Level up or log out: the Indian gaming industry is at a crossroads

Taxation of online gaming has become an issue in India, which is the world’s largest mobile gaming market and has huge employment potential.

India has a strategic advantage due to low data prices, robust public infrastructure for digital payments and lower barriers to entry for mobile gaming, as there are few hardware and software restrictions, unlike PC (personal computer) and console gaming. That is why a good solution to the problem is important.

The story so far

Recently, the Supreme Court said that all pending cases related to online gambling in courts would be heard centrally by the apex court. This is a welcome step and gives hope for a pragmatic solution and improved tax certainty.

Recognizing that the AVGC (animation, visual effects, gaming and comics) industry has enormous potential to enhance domestic capabilities and increase employment opportunities for youth, the Government of India has established an AVGC Task Force under the Ministry of Information and Broadcasting to recommend relevant initiatives. .

In December 2022, the task force submitted its report based on three elements: creating world-class products in India, upskilling and empowering the youth, and promoting the segment by providing technology and other incentives.

However, regarding the Real Money Gaming (RMG) segment of gaming – through new tax rules in July 2023 – the Center announced that it would impose 28 per cent GST on the total game value for online gaming, casinos and horse racing. In other words, under the new tax regime, skill-based online games were placed on a par with online gambling.

Considering that there are over 400 RMG startups and their revenues constitute a whopping 82.8 percent of the online gaming segment, the revised GST rates will have a major impact on these revenues, which are expected to decline to 75.4 percent by FY28 .

Additionally, while winnings below ₹10,000 are not subject to TDS (tax deducted at source), this is now applicable on all net winnings. Therefore, OGIs (online gaming intermediaries) have been directed to deduct TDS at the rate of 30 percent from the net profits of user accounts either at the end of the financial year or during this year in case of withdrawal. As a result of the revised income tax rules, income from prize money or winnings is not outside the scope of income tax. The new rules have thus increased the tax burden on users and compliance with OGIs.

The untapped potential

Despite the rapid rise of the online gaming industry post-pandemic, the domestic online gaming market represents barely 1.1 percent of global online gaming revenue.

Nevertheless, given its enormous growth potential – due to its largely untapped market – online gaming has attracted great interest from investors.

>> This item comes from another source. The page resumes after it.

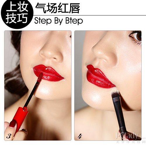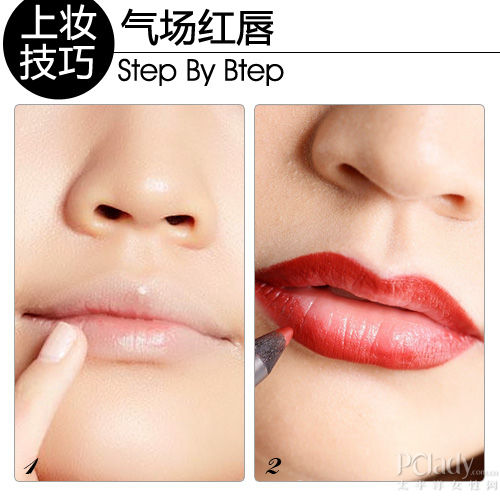一个成功的红唇取决于完美形状的唇部轮廓,先以红色唇线笔,沿着唇形的外围描绘,调整出对称的唇瓣与大小适中的唇型。

Since FY20, the segment has seen investments worth ₹22,931 crore from both domestic and international investors. However, in addition to uncertainties in the tax and regulatory regime, the macroeconomic headwinds of the past year have led to a relative dip in investments.

In FY23, the gaming industry employed approximately 1,00,000 people – directly and indirectly – in various roles, including core and support functions. Earlier, this number was expected to reach 2,50,000 employment opportunities by 2025, but higher tax levies are expected to cause a lower increase in job openings.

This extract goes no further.